Your task = Your answer must be the exact lines below, starting with the line with "Na tarde deste" and going on through the line with "March, 2025,U.S. Navy", both included, with no pictures.

Information =

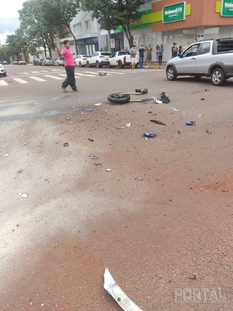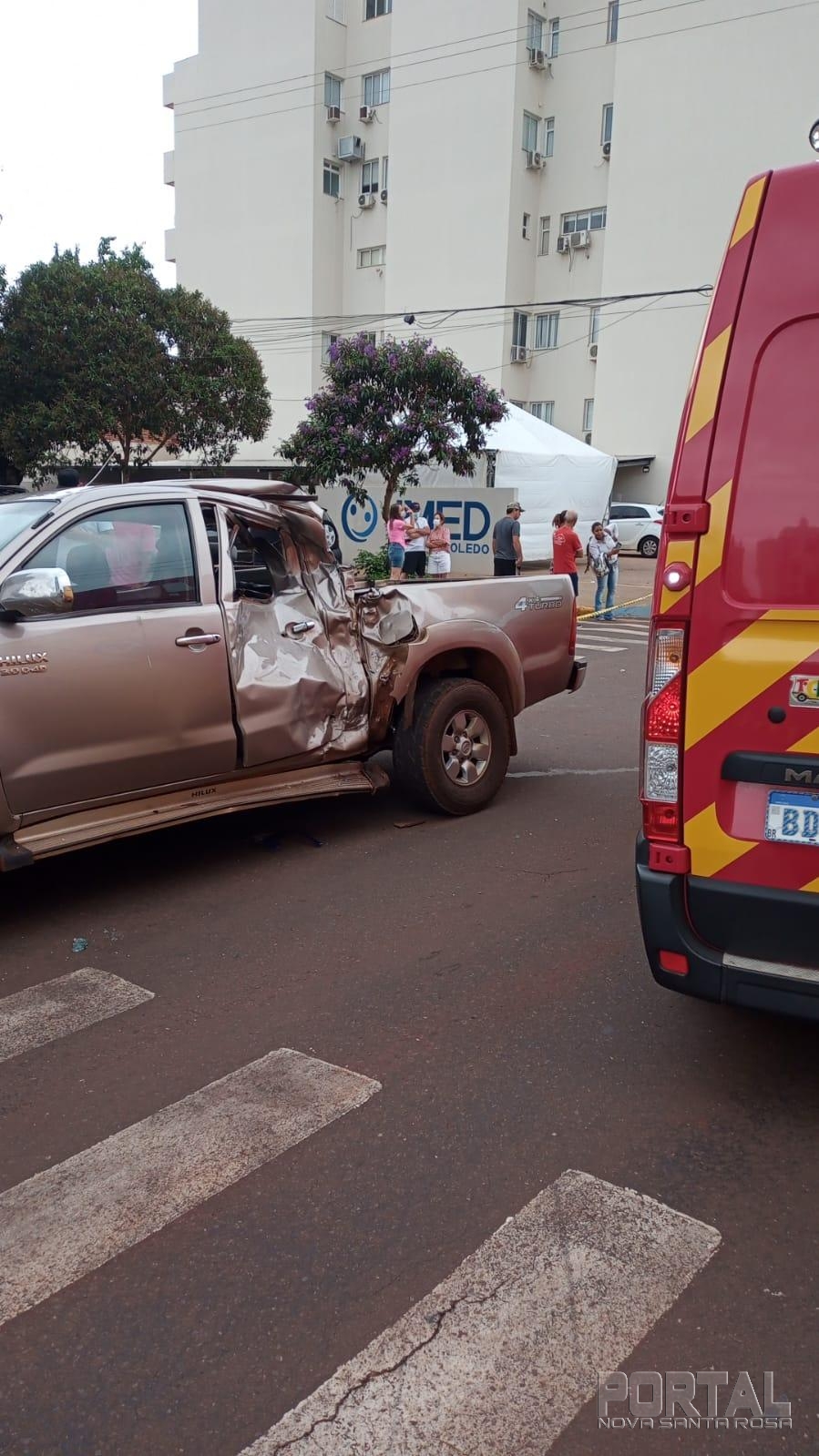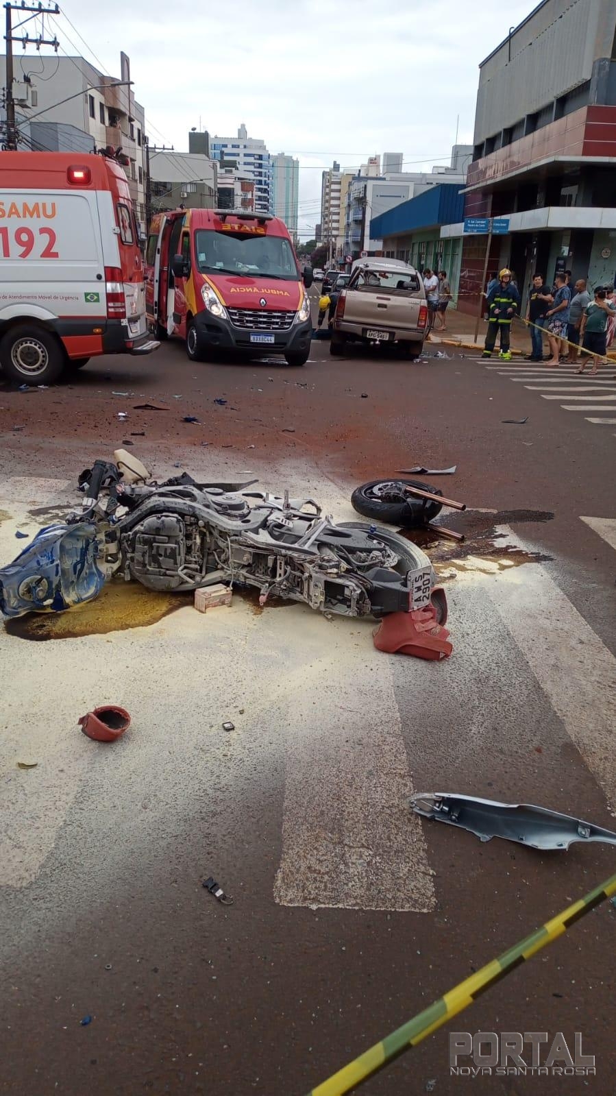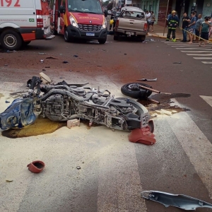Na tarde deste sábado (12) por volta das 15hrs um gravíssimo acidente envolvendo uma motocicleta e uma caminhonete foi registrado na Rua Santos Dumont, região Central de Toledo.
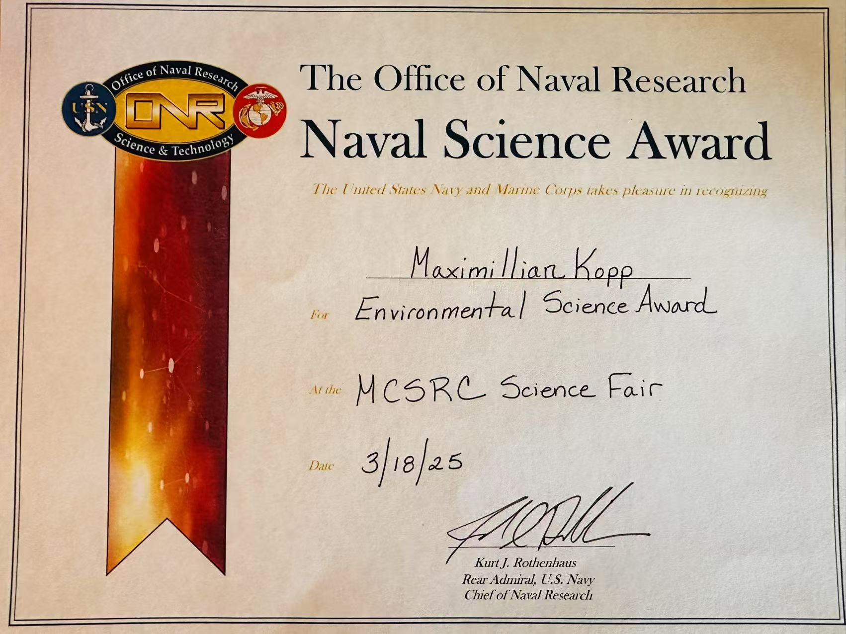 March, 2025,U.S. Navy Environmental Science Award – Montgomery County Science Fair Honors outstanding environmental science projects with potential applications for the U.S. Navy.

---

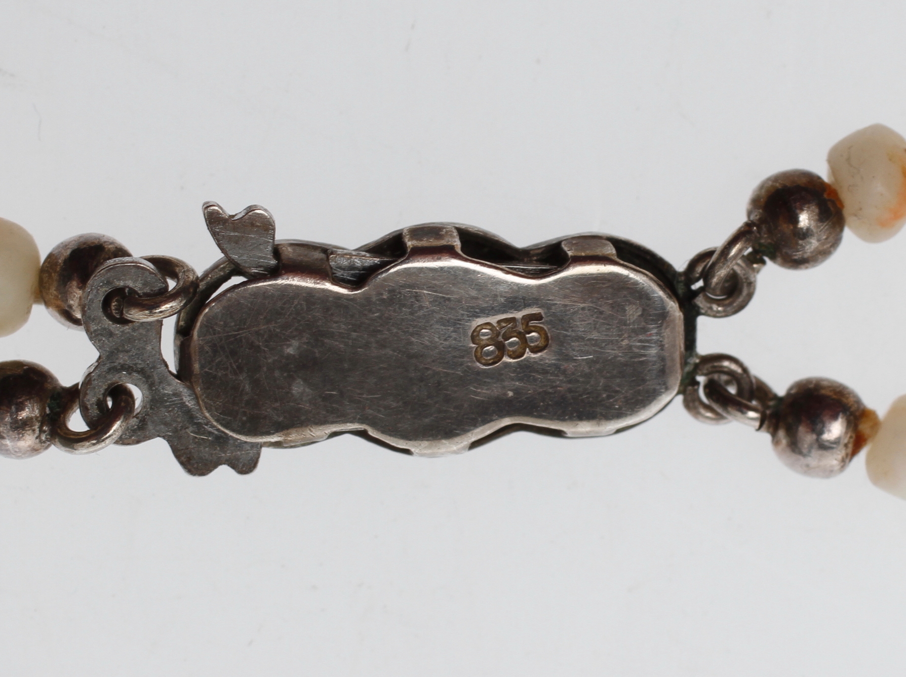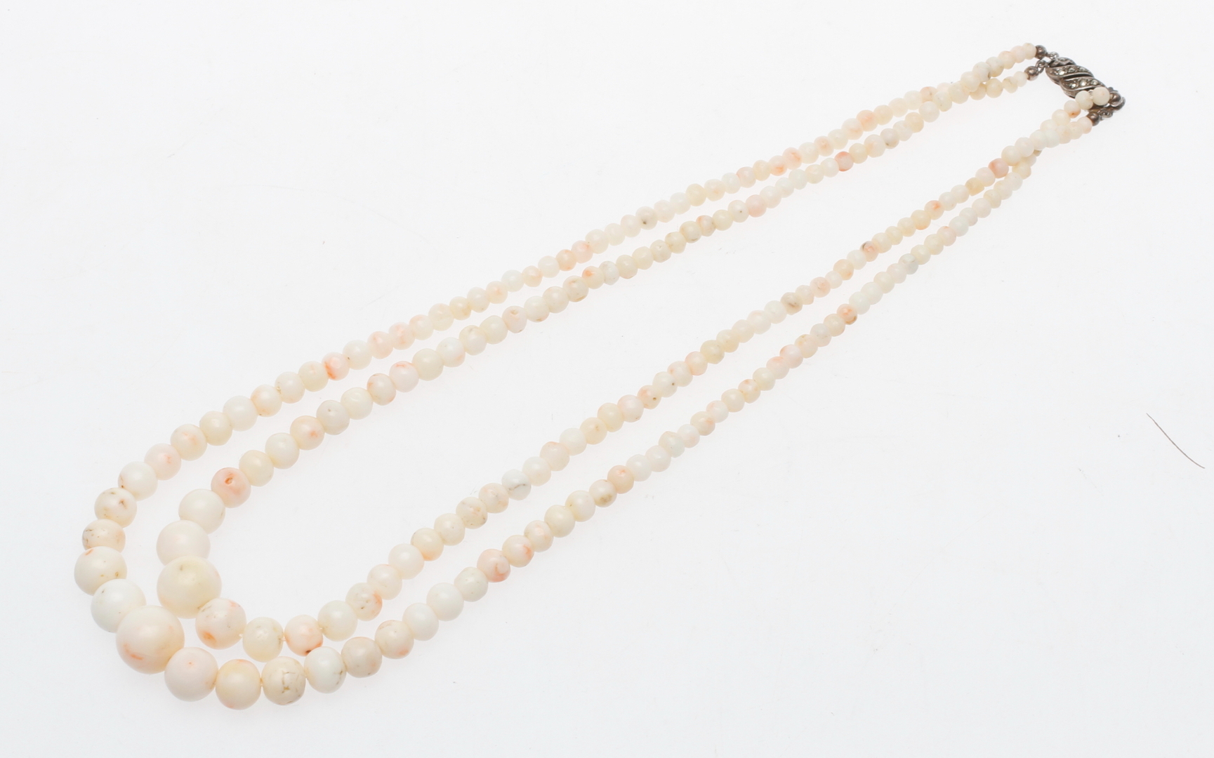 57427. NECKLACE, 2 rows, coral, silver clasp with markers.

The answer =
Na tarde deste sábado (12) por volta das 15hrs um gravíssimo acidente envolvendo uma motocicleta e uma caminhonete foi registrado na Rua Santos Dumont, região Central de Toledo.
 March, 2025,U.S. Navy Environmental Science Award – Montgomery County Science Fair Honors outstanding environmental science projects with potential applications for the U.S. Navy.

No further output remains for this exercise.